Over the years he became one of the wealthiest Croatian Americans. He first ventured into the Croatian politics as an independent candidate in the 2003 parliamentary elections.

In 2005, he ran as an independent candidate in the Croatian presidential election. His campaign was partially based on his autobiography Američki san dečka s Trešnjevke (American dream of a kid from Trešnjevka) that he had published in 1994 - creating image of a simple Zagreb youth, who fulfilled the American Dream. It was also based on his opposition to the ICTY and Eurosceptic views. His success story along with his self-funded American-style campaign brought a new perspective to many voters.

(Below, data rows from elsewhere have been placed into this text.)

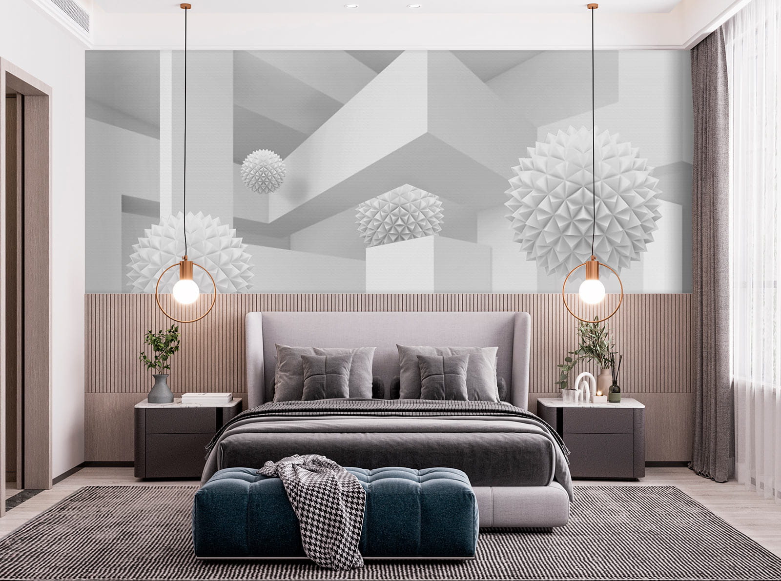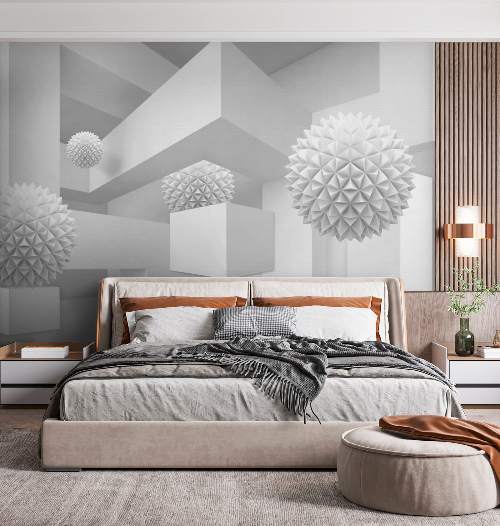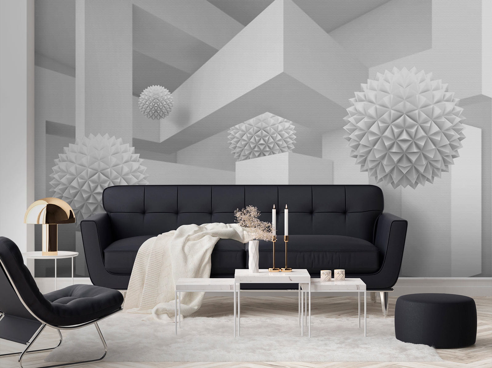 Képzelje el, hogy egy nyugodt, álmodozó térbe lép, ahol a fehér a show sztárja. Ez a falfestmény, amely egy tiszta, világos szobát ábrázol, tele furcsa, háromdimenziós gömbökkel, olyan, mint egy szeszélyes kaland az egyszerűségben. A játékos formák a háttérben felbukkannak, kíváncsi pillantásokra és szelíd mosolyokra invitálva. Tökéletes egy modern nappaliba vagy kreatív sarokba, bármelyik falat beszélgetésindítóvá varázsolja. Képzelje el, ahogy vendégül látja barátait, akiknek a szemei zavartan felcsillannak, és a nevetés pezseg, ahogy megpróbálják kitalálni a lebegő formák mögötti történetet. Ez nem csak egy falfestmény; ez egy élmény, ami csak arra vár, hogy megtörténjen.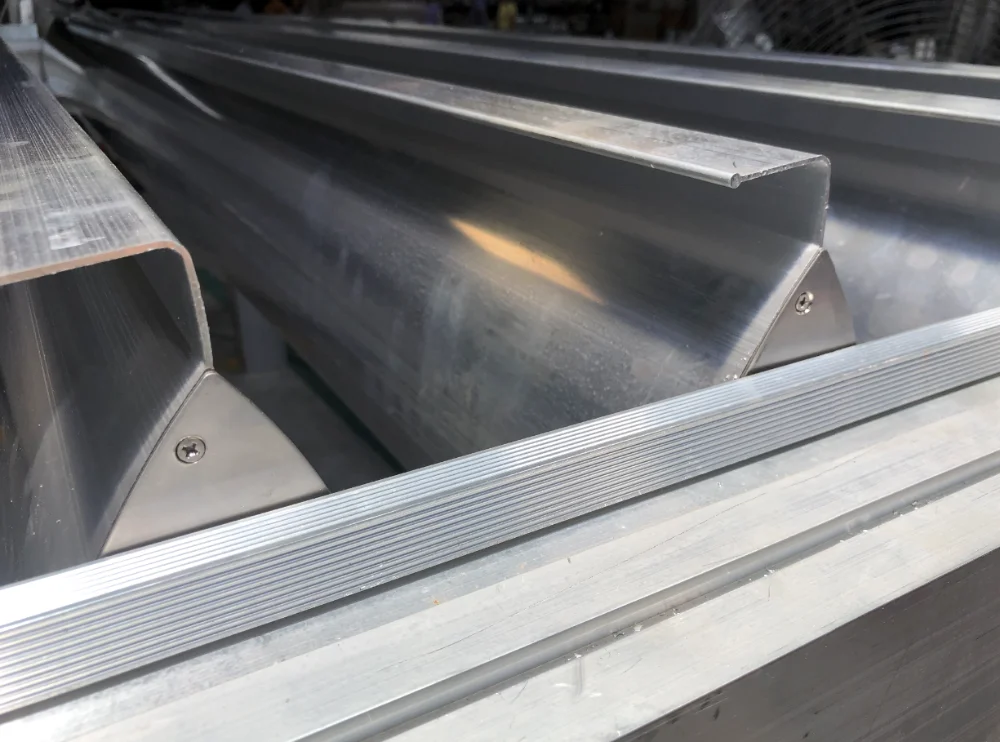 Using an electric telescopic engine connection system through parts and aluminum extrusions specially designed, the slats are dosed completely sealed preventing the passage of light and water. When closed the slats become channels that carry the water to the sides that have their own system of canals and water should turn towards the poles where it drains.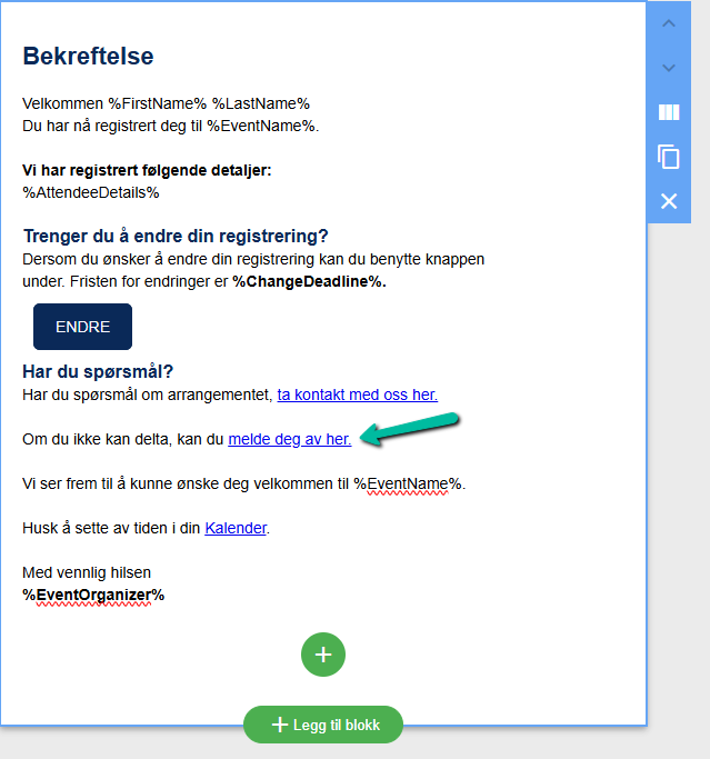 Se forslag under, her har vi lagt inn flettekoden %LinktoCanNotAttend% og hyperkoblet det vi ønsker skal være klikkbart for avmelding: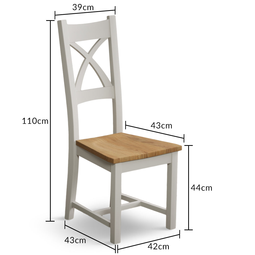 The Crossley Signal White X Back Chair with Oak Seat Pad is a beautifully crafted, sturdy dining chair. Crafted from durable solid hardwood, the white-painted chair features a classic cross design on the backrest and is complete with a comfortable oak seat pad. A stunning addition to your white-painted or natural oak dining table.
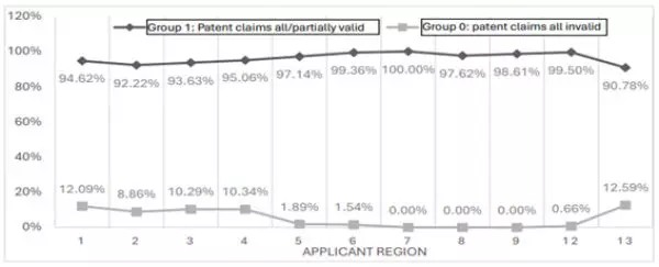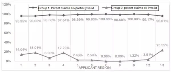 Based on the existing decisions regarding invalidation re-examinations at the China State Patent Office, a total of 8,666 invention patents were categorized into two groups. Group 1 comprised 5,974 cases in which claims were determined to be fully or partially valid, while Group 0 included 2,692 cases where claims were deemed entirely invalid. Subsequently, these 8,666 invention patents, along with Groups 1 and 0, were further divided into sub-groups according to the regions where their invalidation re-examinations were filed, resulting in a reorganization into thirteen major regions.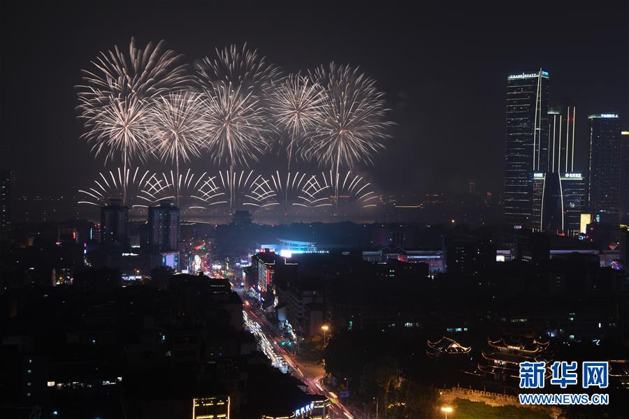 4月23日,长沙橘子洲燃放的烟花与长沙城区的天心阁交相辉映。当日,长沙橘子洲举行焰火晚会迎接“中国航天日”。(红网)
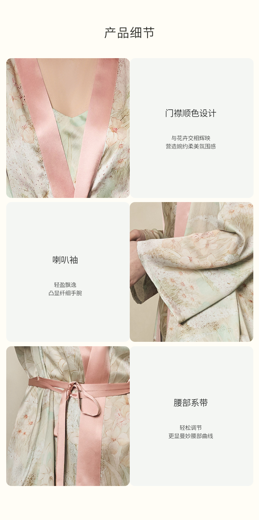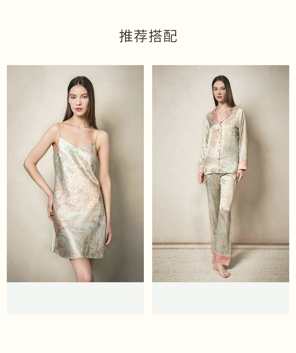 - soloseta专注于真丝织物,灵感源自意大利语,中文含义为“只做真丝”的意思。让睡衣变时尚,居家和外出瞬间切换,使其更具有出街,度假,参加宴会等功能。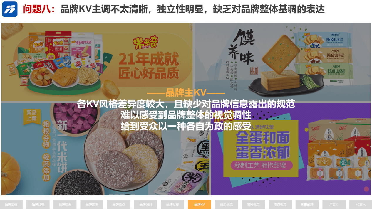 问题八:品牌KV主调不太清晰,独立性明显,缺乏对品牌整体基调的表达;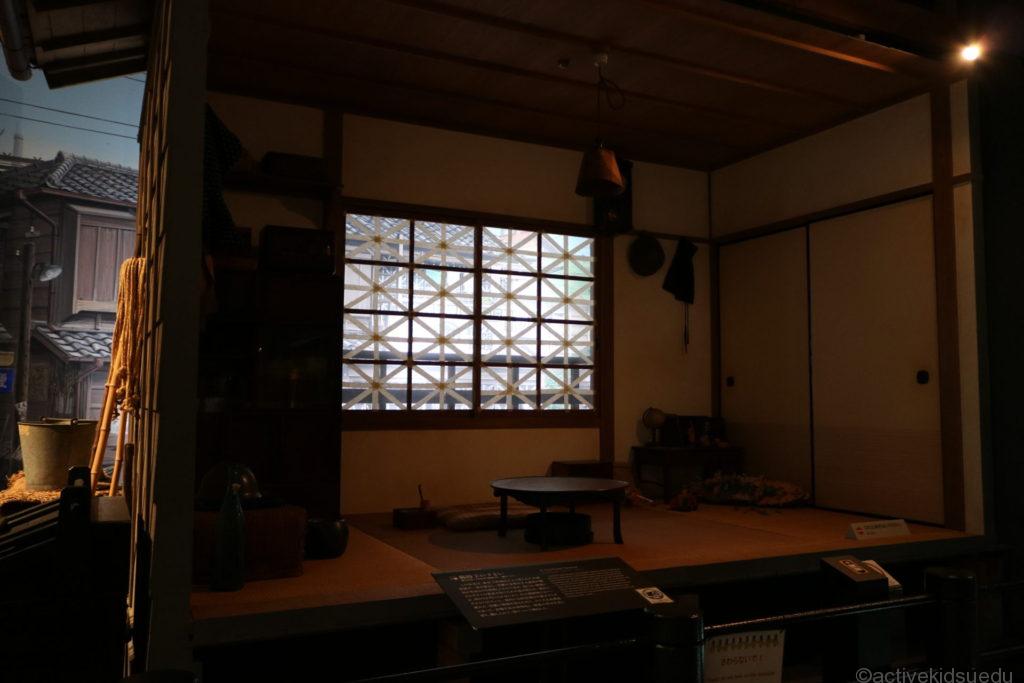 江戸の庶民の生活を再現した人形が設置された町屋の様子です。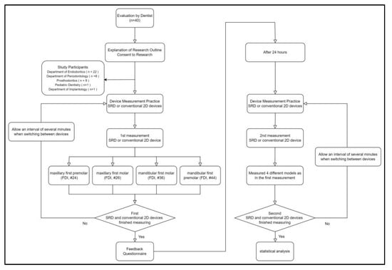 The group of 40 randomly selected subjects consisted of 32 males and 8 females. For each subject, the mean root canal length measurements and corresponding measurement times were calculated for four different tooth types using SRD and an existing 2D viewer. The normality of the continuous variables was confirmed using the Kolmogorov–Smirnov test. Table 2 shows the measurement results and times for SRD and the existing 2D device for each tooth type. The average differences between the first and second measurements were within 0.02 mm for the four tooth types with the SRD, and within 0.03 mm with the 2D device. The tooth type with the lowest standard deviation was tooth #24 for both the SRD and the 2D device. The average differences between the first and second measurements were within 6.26 s for the SRD and 4.98 s for the 2D device. The tooth type with the lowest standard deviation was tooth #24 for both the SRD and the 2D device.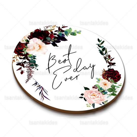 Ξύλινο σουβέρ γάμου εκτυπωμένο με floral σχεδιασμό σε burgundy και ροζ pastel χρωματισμούς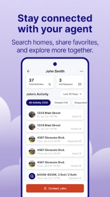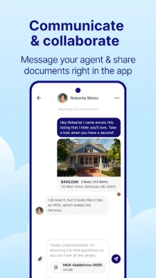 Work with your agent directly in the app, so you can ask questions, share listings, give feedback, request tours, and more—all from the palm of your hand and all on your time!
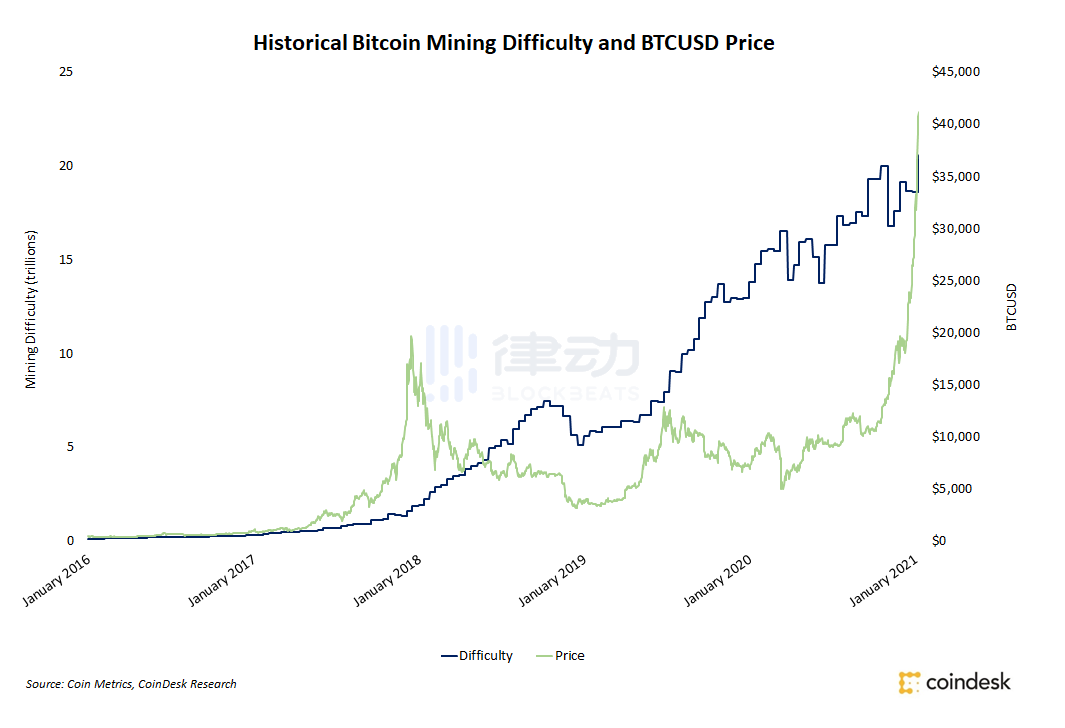 区块难度是工作量证明挖矿中最重要的内容之一,它由网络哈希率得出,用于确定矿工能够验证区块的速度。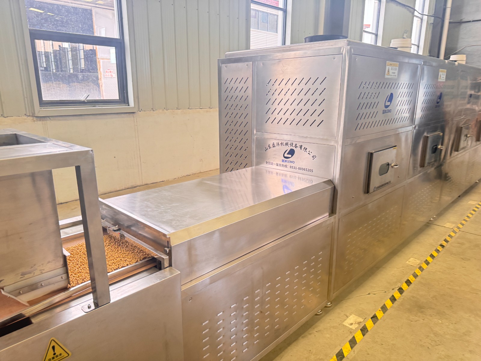 工業微波隧道爐為黃豆烘烤提供了完全不同的加熱邏輯。微波能量能夠直接穿透黃豆堅硬的種皮,無需依賴任何介質,便可在豆粒內部激發水分與油脂分子的高速運動并轉化為熱量。當黃豆均勻鋪展在傳送帶上、以設定的速度穿過微波隧道時,熱量并非從外部緩慢導入,而是在豆粒的內部同步生成。豆芯與表層的熟化進程由此變得協調,內外同步完成從生到熟的轉變。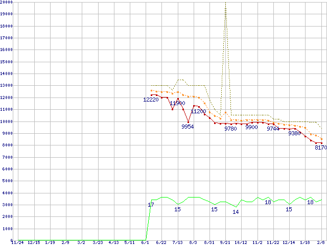 ※このグラフは過去のデータも税率5%相当に調整した税込み相当額のグラフです。 税率変更や、総額表示方式導入(2004年4月)の影響は除いています。 | | | ●凡例 | 最安値 (点線部は販売店未確認 または未調査) | 平均値 | 最高値 | ショップ数 |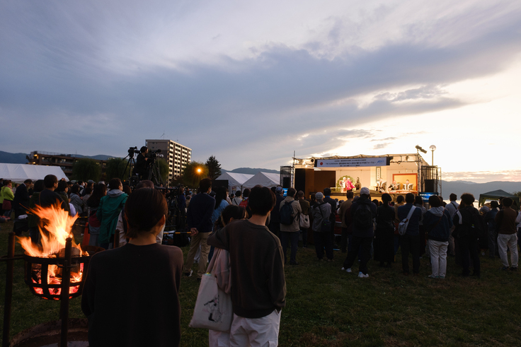 公演は公益社団法人諏訪圏青年会議所主催「諏訪圏フォーラム2024」のメインフォーラムとして行なわれました。会場となった諏訪市湖畔公園ではトークイベントやライブが行われ、キッチンカーや諏訪地域の食と魅力を発信するブース出店もあり、多くの人で賑わいました。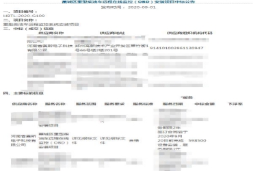 2020年12月30日,商丘市政府采购中心受商丘市生态环境局的委托,就“重型柴油货车在线监控OBD安装”项目进行公开招标采购,我公司一举中标。此次投标项目,公司领导十分重视,对投标文件、...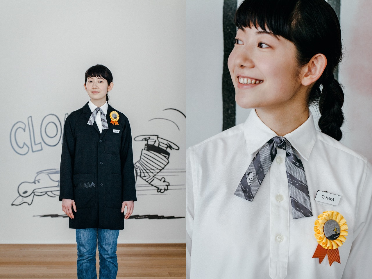 ネクタイが生んだ、新たな関係  ネクタイブランド「giraffe」は、様々な企業とコラボレーションを行っています。たとえば、こちら。2016年4月から2018年9月まで、東京・六本木にオープンしていた「スヌーピーミュージアム」のユニフォームを、私たちスマイルズが制作しました。アシンメトリーなデザインに、ストライプ柄とスヌーピーのイラストが織られています。もちろん、愛らしいスヌーピーの刺繍も。

On 2 January, to the surprise of many, first election projections showed him as winning 2nd place, knocking the government's candidate Jadranka Kosor out of the race. Immediately, many commentators began to interpret his success as a protest vote against the Croatian political establishment, engulfed in corruption and being notoriously inefficient. As if Mikšić, already wealthy has been seen by voters as more decent and less corruptible candidate.

Few hours later, new projections, based on the votes cast by Croatian citizens in neighboring Bosnia and Herzegovina, brought Jadranka Kosor to the 2nd place. Mikšić was surprised as was the most of Croatian public. At first he refused to accept results and blamed the failure on alleged vote fraud, and "dead people voting".
He called supporters to demonstrate on streets over the alleged fraud, inspired by the, at the time current, Orange Revolution in Ukraine. He later called off planned demonstrations, citing his respect for the law and wanting to prevent incident and possible casualties brought on by the protest.

Following the presidential elections, Mikšić continued to challenge the results, bringing allegations of voter fraud. He requested vote recounts from Croatia's Constitutional Court stating that many deceased people were not only registered to vote but also cast votes in the election; a problem that the Croatian government has faced multiple times.
He continued to pursue Croatian politics, announcing his candidacy in local elections, including those for Zagreb City Assembly. Mikšić's campaigning appeared to have effect within the 2005 local elections. His slate did enter the Zagreb City Assembly, but with only three seats, which was fewer than he expected.

Mikšić entered into the Croatian presidential election, 2009–2010, but was eliminated in the first round with 2.1% of the vote.